Chintu Ka Birthday is a beautiful film that breaks your heart in pieces and then tapes it all together with missing parts. The story is about an innocent Indian family stuck in Iraq with a Nepalese passport due to the greed and callousness of a few men. The family is trying their best to leave the post-Saddam Hussain, a war-torn country only to be disappointed again and again. In between all the uncertainty comes the birthday of Chintu. The relationships define this film. The equations within the family, the equations of people outside the family. Throughout the emotional ride, the film never takes off its rose-colored spectacle. It gives you a glimpse of struggle, but it’s always accompanied by a sad smile of hope. One of the many scenes that strikes the most is when two American soldiers, who barge into the house looking for a bomber, turn their house upside down and a rather calm Chintu whispers to his father 'Papa inko cake nahi denge'. The impact of the scene stays with you. The tragedy and impact of violence on a child's brain is conveyed beautifully with innocence. It also affirms that no matter how brutal, children's world resides in their minds and the extreme they can go in the extremist world is denying you entry to their party. The sincere way Chintu declares his thought tugs your heart, bringing forth the whole essence of the film. A warm hug in distressing times.

Contributed by Sameeksha Dandriyal

(Photograph:WION)

Rajkummar Rao in Chhalaang

While the film has a sort-of-a-predictable storyline, what carries it forward is its actors and their portrayal of their respective characters. Rajkummar Rao stands out in the film even though he plays a role we’ve seen him do before.
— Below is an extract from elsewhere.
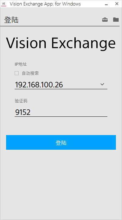 使用令牌验证进行登陆时,通过Vision Exchange App.输入主机和Pod的IP地址,然后按下[登陆]。

If I had to pick a scene that stays with me from the film then it’s Rajkummar’s character’s consciousness of nurturing people’s talents. Like when he’s training school children for sports competition, he gets a team of nerds who are obviously not good at sports but academics. To train them, he leaves a bunch of wild dogs after them in a private farm, so as to test their strength in athletics and it proves successful when he finds out that one lanky school kid can actually run for his money and win them relay racing because of his scare for dogs. It’s a sweet romantic drama about growing up and taking ownership of one’s life.